Distributed systems: Stragglers

Reference paper:

• The Tail at Scale

Summary

One of the challenges in building large-scale systems is to consistently maintain low-latency in responses. Dean and Barroso, in their paper highlight techniques that can be used to build distributed systems that have an overall low-latency despite its constituent components having occasional high-latency. The authors first provide several reasons that contribute to high tail latency such as shared resources, queuing, daemons, garbage collection etc. and then they show that variability in latency of individual components lead to high overall service latency due to the “fan-out” architecture generally adopted in large-scale systems. The authors take inspiration from fault-tolerant systems and focus on techniques that reduce latency hiccups regardless of root cause.

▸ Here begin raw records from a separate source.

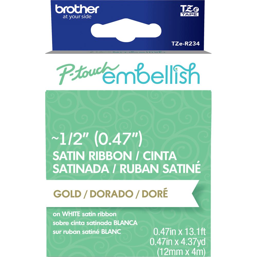 P-Touch Embellish Satin Ribbon Gold on White / Listón Satinado Dorado sobre Blanco
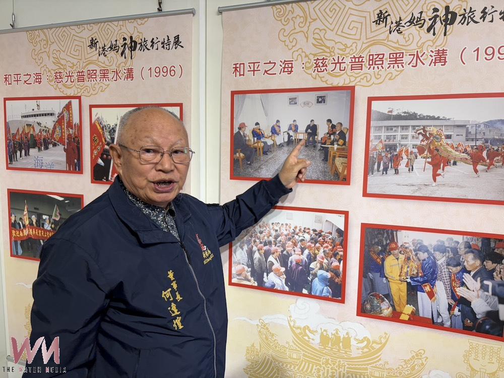 (觀傳媒嘉義新聞)【記者 陳惲朋 /嘉義報導】嘉義縣新港奉天宮開臺媽祖今10日於奉天宮二樓舉辦回顧近30年來,開臺媽祖走出廟埕,跨海、登峰、走向世界的「新港媽神旅行特展」。奉天宮何達煌董事長在導覽時,指著一張開臺媽祖到前線馬祖時,董事會成員拜訪某官員的照片。有所感慨的說,1996年兩岸局勢緊張,我們的信眾請示媽祖同意出巡,開臺媽祖因而首度跨越黑水溝,巡行臺、澎、金、馬等離島,並將香火與平安符送至前線官兵手中,以信仰安定軍民。
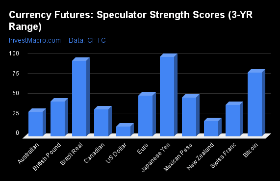 COT Strength Scores (a normalized measure of Speculator positions over a 3-Year range, from 0 to 100 where above 80 is Extreme-Bullish and below 20 is Extreme-Bearish) showed that the Japanese Yen (100 percent) and the Brazilian Real (95 percent) lead the currency markets this week. Bitcoin (80 percent) and the EuroFX (52 percent) come in as the next highest in the weekly strength scores.
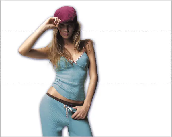 Crear una capa nueva y hacer una selección, la aplicación de la herramienta Marquesina rectangular (M) . Coloque esta capa debajo de la niña en una.
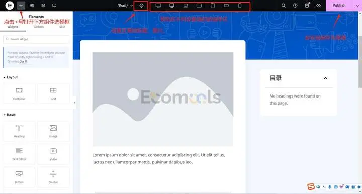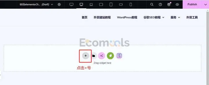 點擊Edit with Elementor進入可視化頁面編輯界面後,可以通過拖拽組件的方式來進行頁面製作。左邊就是可用的組件,鼠標按住拖到右邊的區域即可。
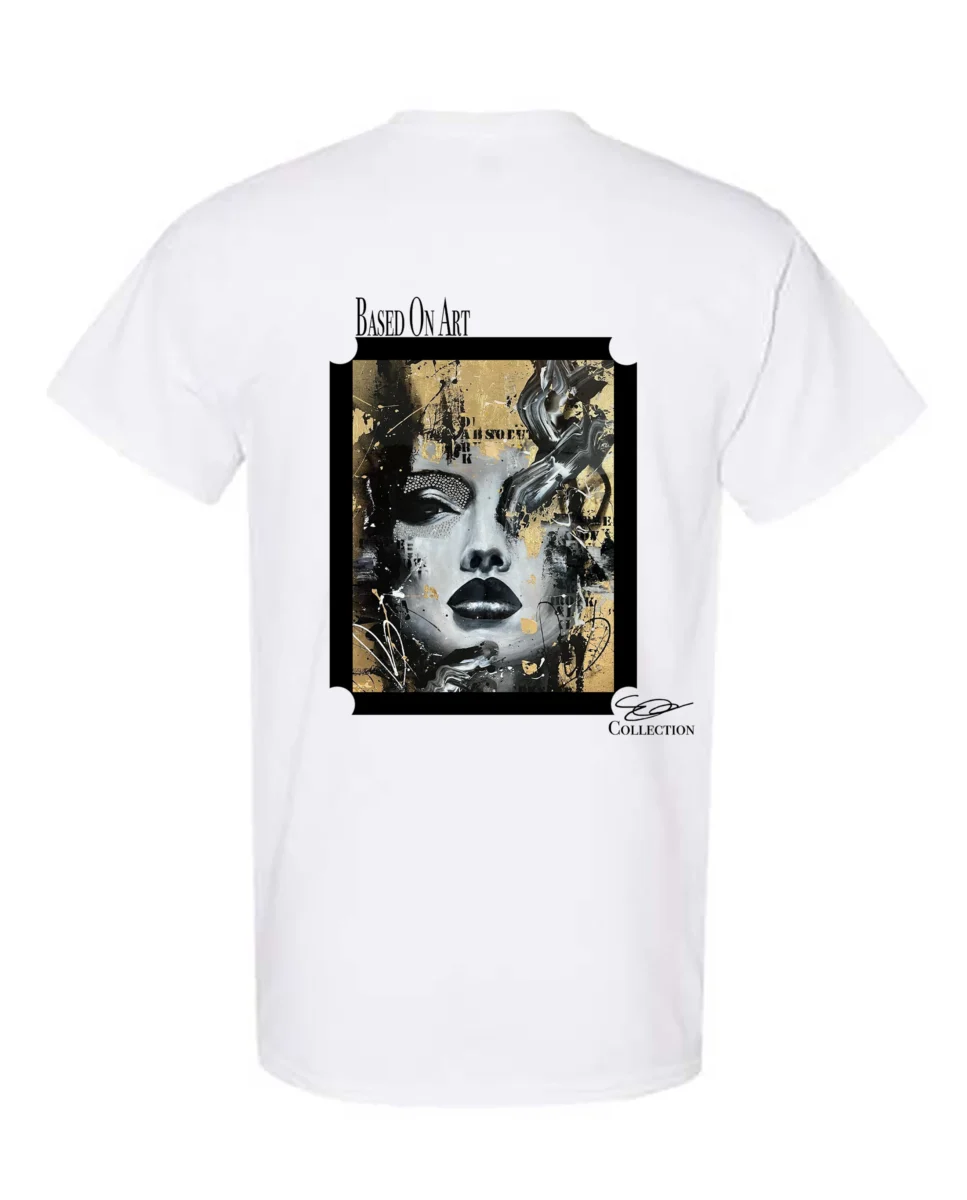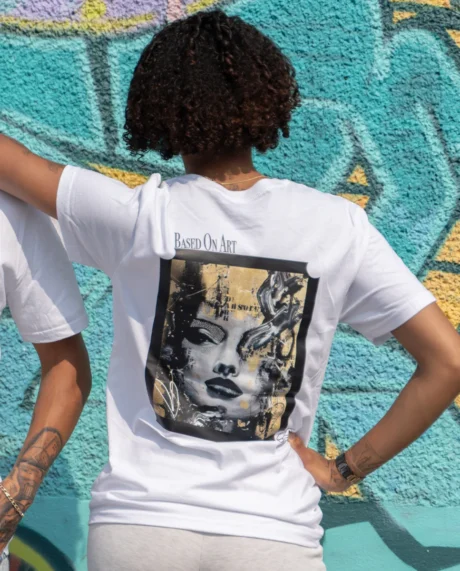 Printed on a white T-shirt, the design is enhanced by light and contrast, allowing the artwork’s depth and details to fully emerge. This contemporary art T-shirt embodies the spirit of Based On Art, where fashion becomes a medium for wearable contemporary art.

Finally, the authors introduce techniques such as sending the same request to multiple replicas and only considering the first response (hedged requests) and allowing multiple servers to communicate updates regarding requests (tied requests) to reduce tail latency. Other techniques proposed by the authors such as micro-partitioning, selective replication and latency-induced probation also lead to significant reduction in latency at larger scales.

Positive Points

• The authors made the paper accessible to a wider audience by using sufficient examples and metrics from real-world services provided by google. For example, the graph showing how the probability of high-service latency scales with number of servers was very insightful.
• In the last few sections of the paper, the authors provide important considerations to keep in mind while building production quality robust distributed systems such as canary requests. These techniques are also applicable to a broader range of services apart from information retrieval.
• For several design techniques that the authors proposed, they highlighted various trade-offs that were made in adopting those techniques. For example, the good-enough results provided by google search and skipping non-essential subsystems. Such accounts provide a deeper understanding of the issues faced in large-scale systems.

Drawbacks

• For some proposed techniques such as latency-induced probation and selective replication the authors do not carry out evaluations. It would have been helpful if they included some statistics about these techniques.
• The authors do not discuss the implications that write operations would have on their proposed techniques. For example, if we issue two write operations in hedged requests, a change may be made twice.
• The authors could have provided experiments that compare directly reducing component-level variability vs tail-tolerant techniques that mask or work around temporary latency pathologies to further enforce their points.

Research Questions

1. How would latency-induced probation work in case of writing to a server on probation?
2. In a complex large-scale distributed system, there are a lot of moving parts. How can one identify issues that are specially caused by latency variability? For example, some latency issues could be caused by faults/retries.
3. One of the modern commercial databases that use hedged requests is Cassandra. It uses the percentile heuristic to send 3 requests for each request. This increases the load on the server but provides better latency.